Of course I would never have thought of such an awesome response as that while I was standing there. It would have come to me in the middle of the night after I had fumed about it all evening :laughing:.


----------



## marc in calgary (Jun 18, 2008)

that sounds about right for me too.
They're called ferncos here in Canada, I find the easiest way out of this sort of situation begins with the statement... "Plumbing code mandates that we do bla bla bla..." and when realtors "back talk" to me, I state again, "The Plumbing Code..." once they realize they're not arguing with me, but with "the powers that be" they'll also get that I'm not above calling the real estate board here to talk trash about a plumber wan-a-be.
and then they'll not be able to sell a house stating there is a bathroom in the basement, why? because it isn't approved.
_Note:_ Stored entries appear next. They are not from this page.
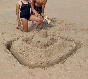 Por la mañana desayunamos tostadas con tomate. Luego fuimos a la playa del Carmen. Construimos un castillo de arena de dos pisos con muralla y pozo incluidos.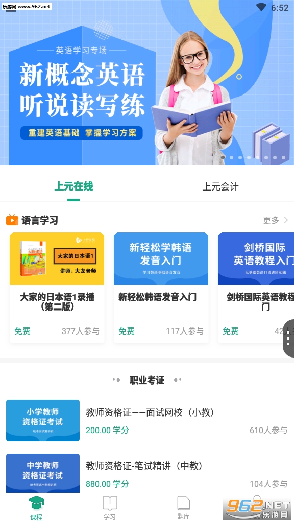 《上元在线网校登录》是一款非常给力的掌上学习教育平台,这里拥有当下最好的英语网课,就是在家也快也轻松的复习和学习知识,让你在较短的时间内将自己的成绩给提升上去。有需要的欢迎来962下载!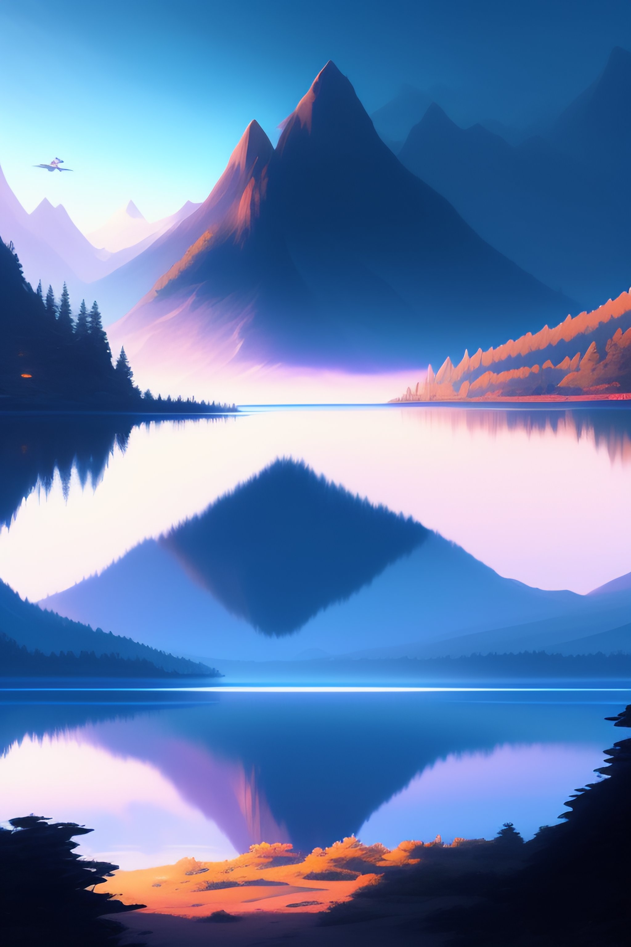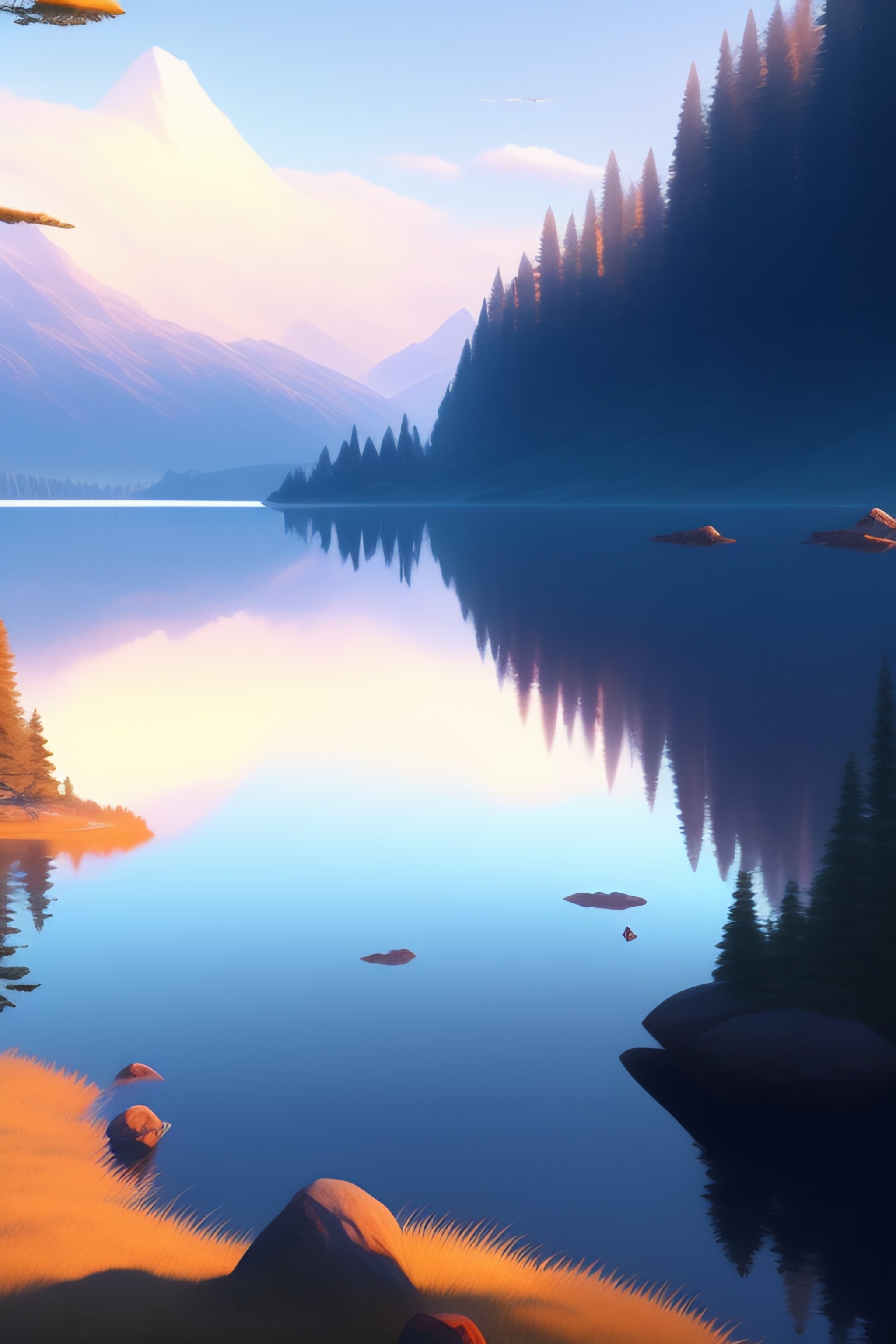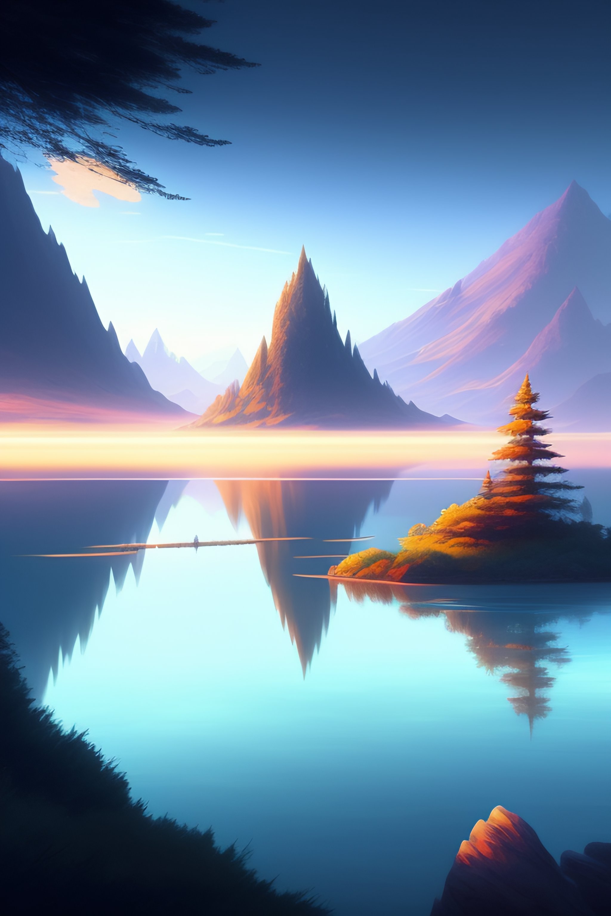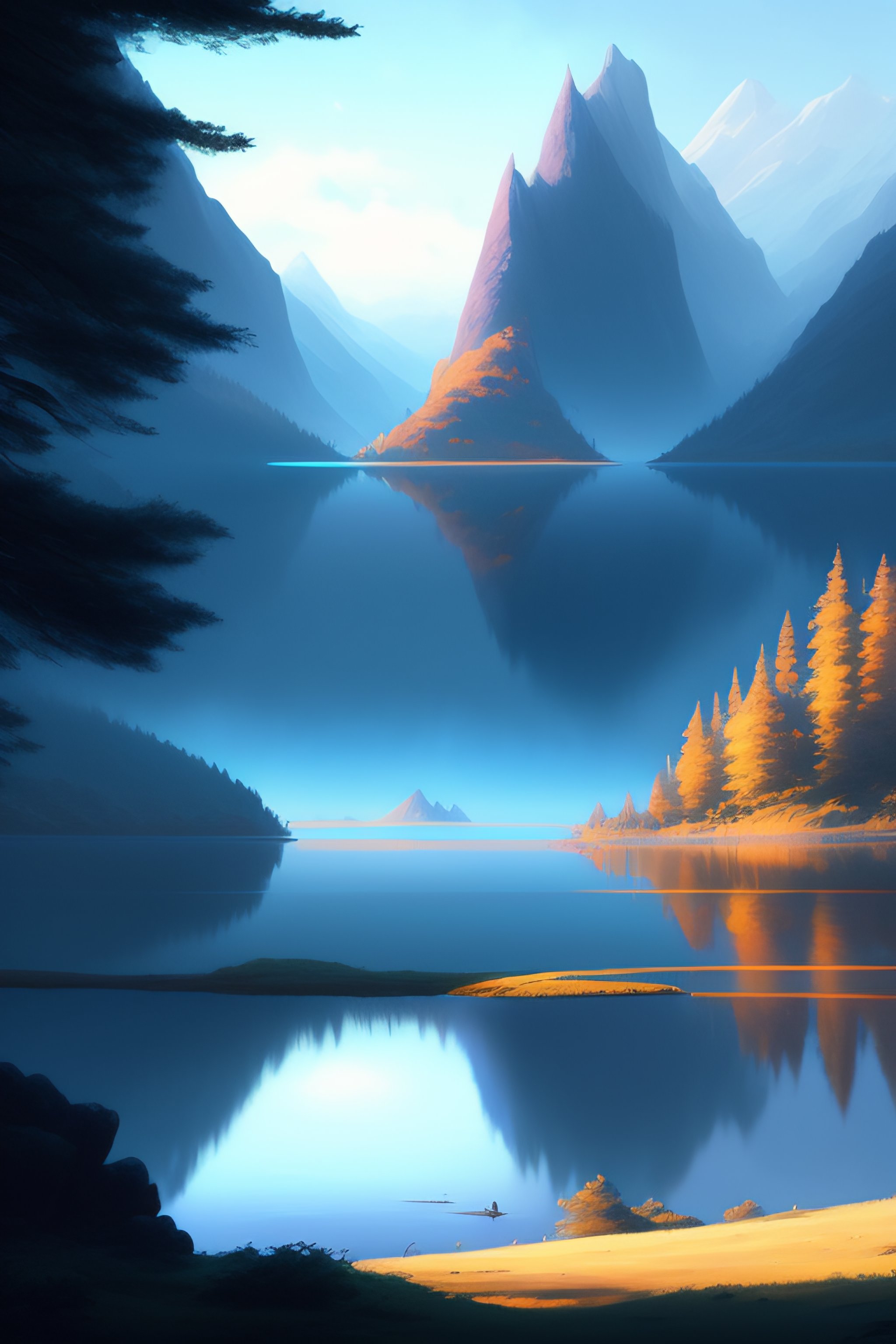 Large lake with a forested island in the middle, cinematic view, blue sky, detailed, concept art, low angle, high detail, realistic, warm lighting, volumetric, godrays, vivid, artstation, digital painting by jordan grimmer and greg rutkowski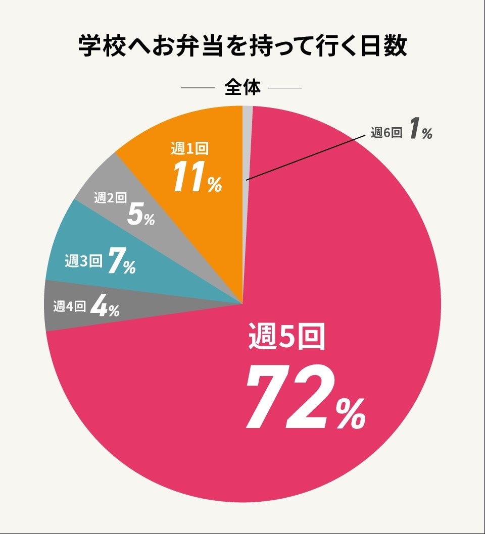 子どもが学校にお弁当を持参していると答えた人に、週に何日持って行っているかを尋ねました。その結果、週5日と答えた方が全体の70%を超えることが分かりました。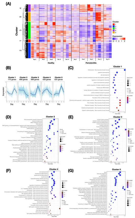 Gene expression profiles and functional enrichment analysis across five gene clusters in healthy and periodontitis-induced conditions. (A) Heatmap showing the temporal expression patterns of genes in clusters 1–5 during healthy and periodontitis-induced conditions. Gene expression is presented as a z-score, with red indicating upregulation and blue indicating downregulation. Clusters are color coded on the left. Time points are marked on the x-axis, with separate columns for healthy and periodontitis groups. (B) Dark blue lines representing the average gene expression pattern for each cluster over time (days 0–16) in periodontitis condition. Light blue lines represent the expression of all genes within each cluster. All expressions are presented as a z-score (C–G) of the functional enrichment analysis of the genes in clusters 1–5. Each symbol shows enriched Gene Ontology Biological Processes (GOBPs) (circle), Kyoto Encyclopedia of Genes and Genomes pathways (KEGGs) (square), or Reactome pathways (Reactome PA) (triangle) with the corresponding gene ratio (x-axis). The size of symbols represents the gene count in each term, and color indicates the adjusted p-value significance (red: high significance, blue: low significance).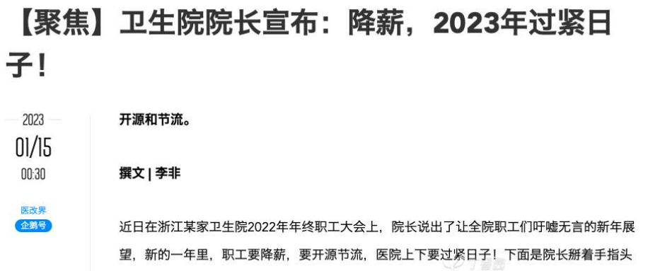 部分医院经营困难医护降薪,站友:行政工资不变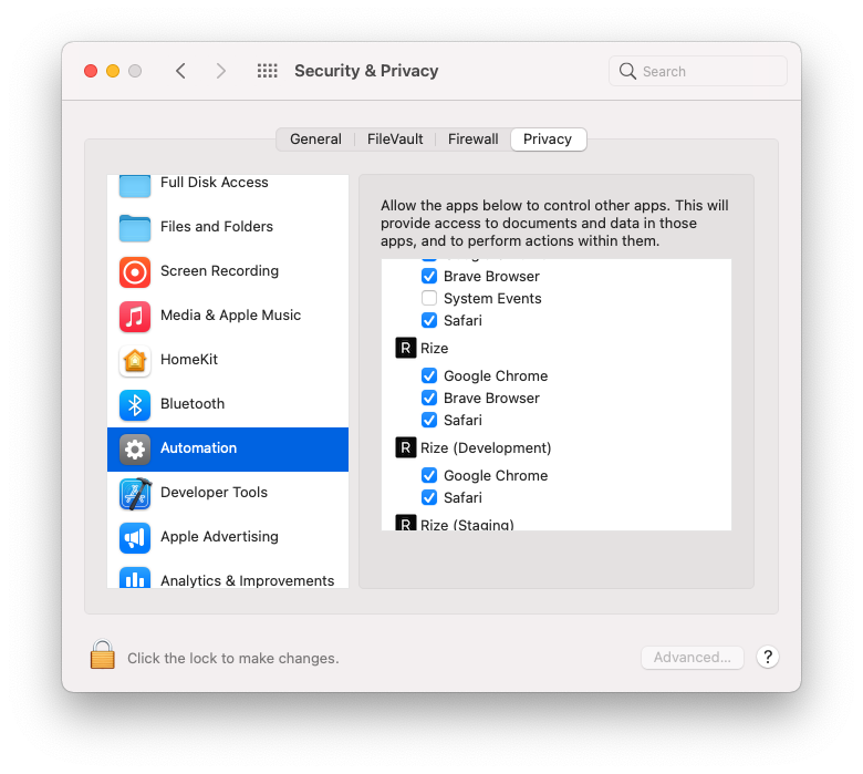 Rize Now Works with Safari/Chrome/Brave/Edge on Mac - In conjunction with the news above, we just launched the ability to categorize your time spent on all browsers on MacOS except Firefox. Unfortunately, Firefox does not support Apple Script.In order, for Rize to categorize your URLs, you’ll need to approve the access control permission when you’re prompted. If you already rejected that permission you can update it in your System Settings > Security & Privacy > Automation. You can read more here.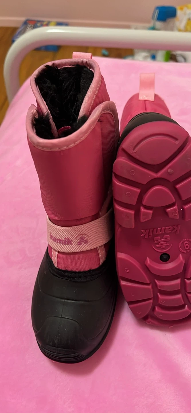 I'm selling a pair of Kamik snow boots in pink! They are toddler size 6and in great condition. These boots are perfect for keeping your little one's feet warm and dry during the winter months. They feature a durable construction and a comfortable fit. Ready for some winter fun!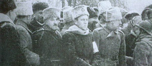 Simon Petliura (en el centro), Yevvhen Konovalets (a la derecha) y Roman Dashkevych durante el Acta de Unificación en la plaza Santa Sofía de Kiev, 22 de enero de 1919.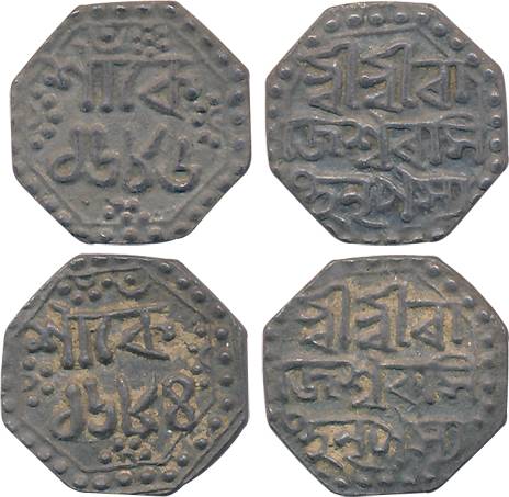 Lakshmi Simha, Silver 1/4 Rupees (2), 2.82g, 2.74g, SE 1702, SE 1696 (KM# 176). Very fine+, scarce. 2 coins.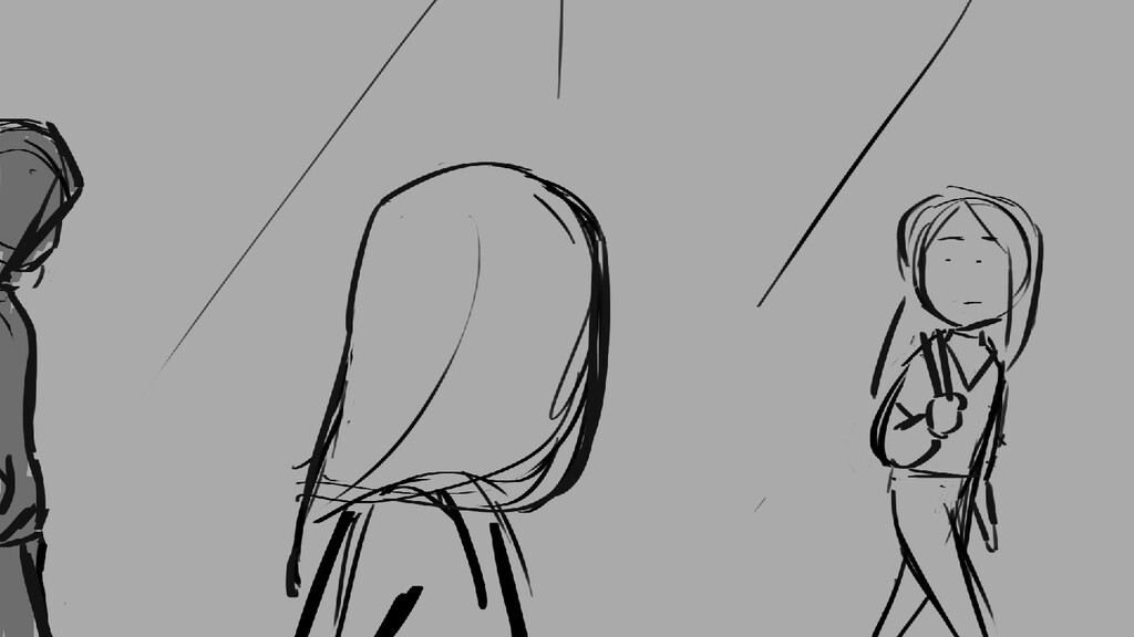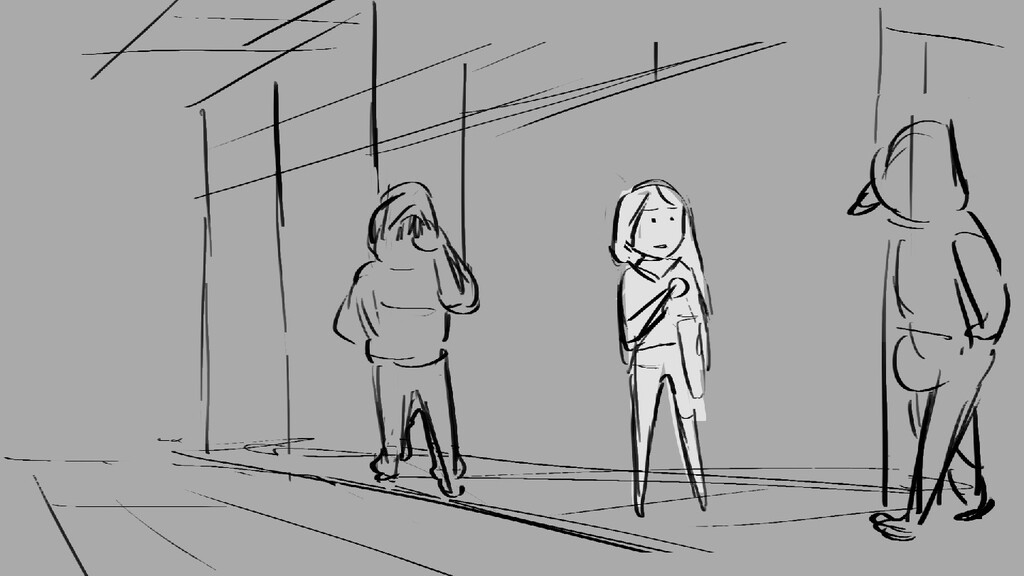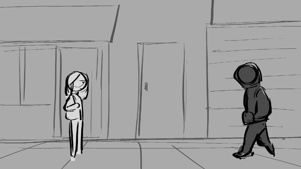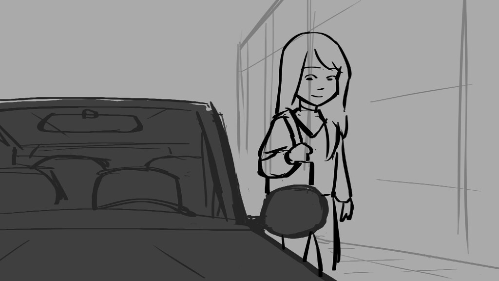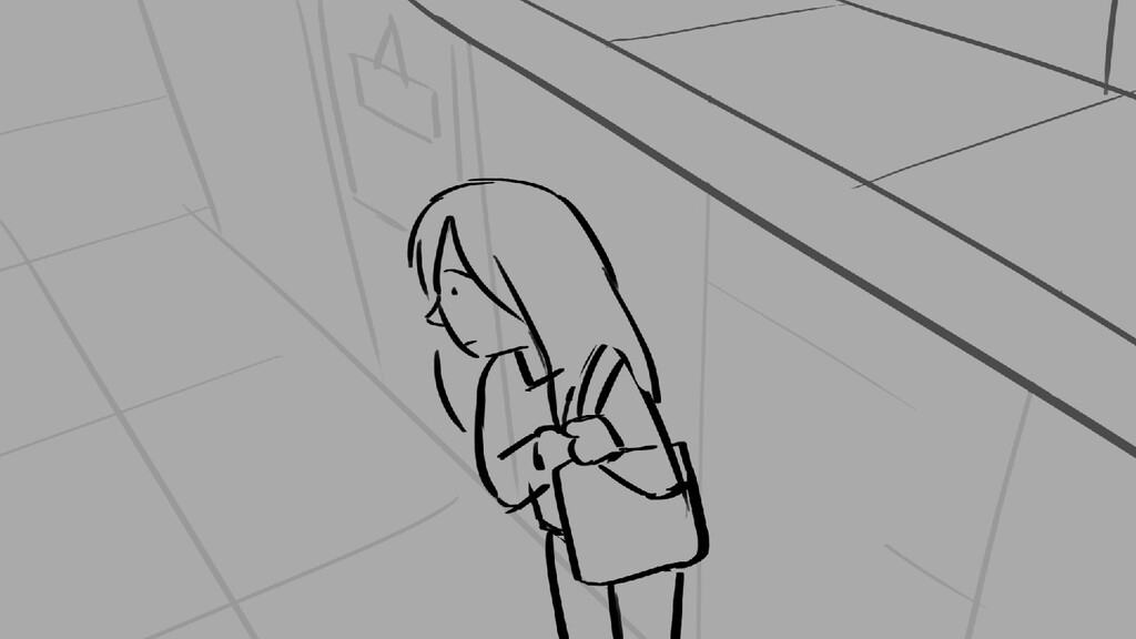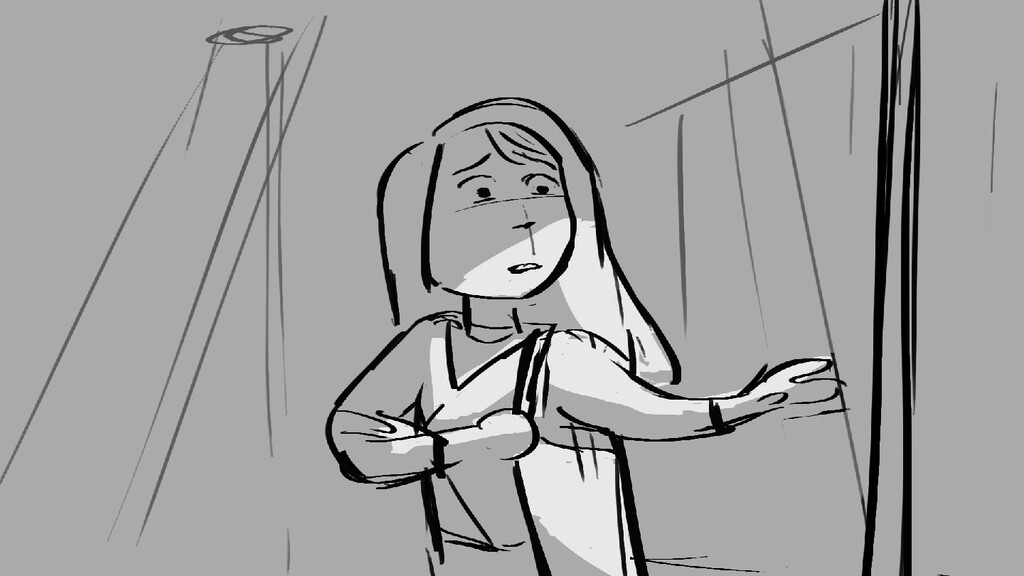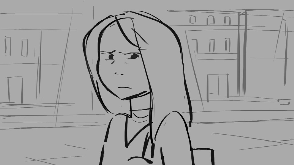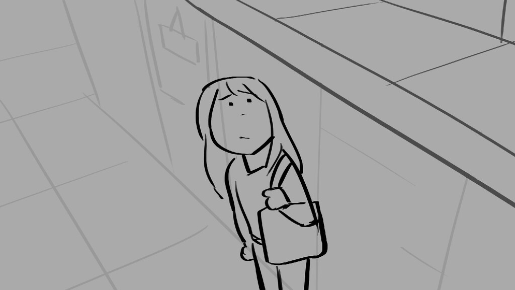 A girl walks home alone at night.

well, good thing I'm not running for election.


----------



## Herk (Jun 12, 2008)

In a case like this, it might just be prudent to call in an inspector and have him red tag it and then it won't be habitable until it's fixed properly.


----------



## GrumpyPlumber (Jun 12, 2008)

Herk said:


> In a case like this, it might just be prudent to call in an inspector and have him red tag it and then it won't be habitable until it's fixed properly.


*Home inspector took care of that, thats why I was called.*
*They basically have a mini-cesspool in their basement.*


----------



## Bill (Jun 17, 2008)

Just nasty. Looks like some of the things I have to go back and fix after the HO hires a wannabe because he was cheaper!


----------



## usmansaeed (Feb 19, 2009)

That is not really a big deal you are conscious about. i suggest you to go with real estate agent.


----------



## Plumberman (Jul 7, 2008)

usmansaeed said:


> That is not really a big deal you are conscious about. i suggest you to go with real estate agent.


Say what?


----------



## gladerunner (Jan 24, 2009)

How about a rear outlet toilet, Kohler "Barrington" K3554, Have used them in the past and they work really well, or wall mount with carrier but I don't think anyone is making a tank type anymore so it would have to be a flushometer. Not really a residential type fixture.


----------



## Jaret (Mar 4, 2009)

Wow!


----------



## Plumberman (Jul 7, 2008)

gladerunner said:


> How about a rear outlet toilet, Kohler "Barrington" K3554, Have used them in the past and they work really well, or wall mount with carrier but I don't think anyone is making a tank type anymore so it would have to be a flushometer. Not really a residential type fixture.


They still make the a tank type, it might not have been the barrington, we had to set two of them last week.


----------



## ROSELLE PLUMBER (Jun 26, 2009)

GrumpyPlumber said:


> *Home inspector took care of that, thats why I was called.*
> *They basically have a mini-cesspool in their basement.*


home inspectors arn't plumbing inspectors:laughing::yes::thumbsup::whistling2::whistling2::whistling2::thumbup::001_unsure::001_unsure::jester::jester::laughing::nerd::sneaky2::ban:


----------



## deerslayer (Mar 29, 2012)

gladerunner said:


> How about a rear outlet toilet, Kohler "Barrington" K3554, Have used them in the past and they work really well, or wall mount with carrier but I don't think anyone is making a tank type anymore so it would have to be a flushometer. Not really a residential type fixture.


I just bought the last 2 tank type gravity rear outlet that I could findin Cincinnati today! Every thing made now seems to be pressure assist.


----------



## RealLivePlumber (Jun 22, 2008)

Threads 4 years old, fellas.

Where'd the Time go?


----------



## deerslayer (Mar 29, 2012)

LOL I didn't realize that :laughing:


----------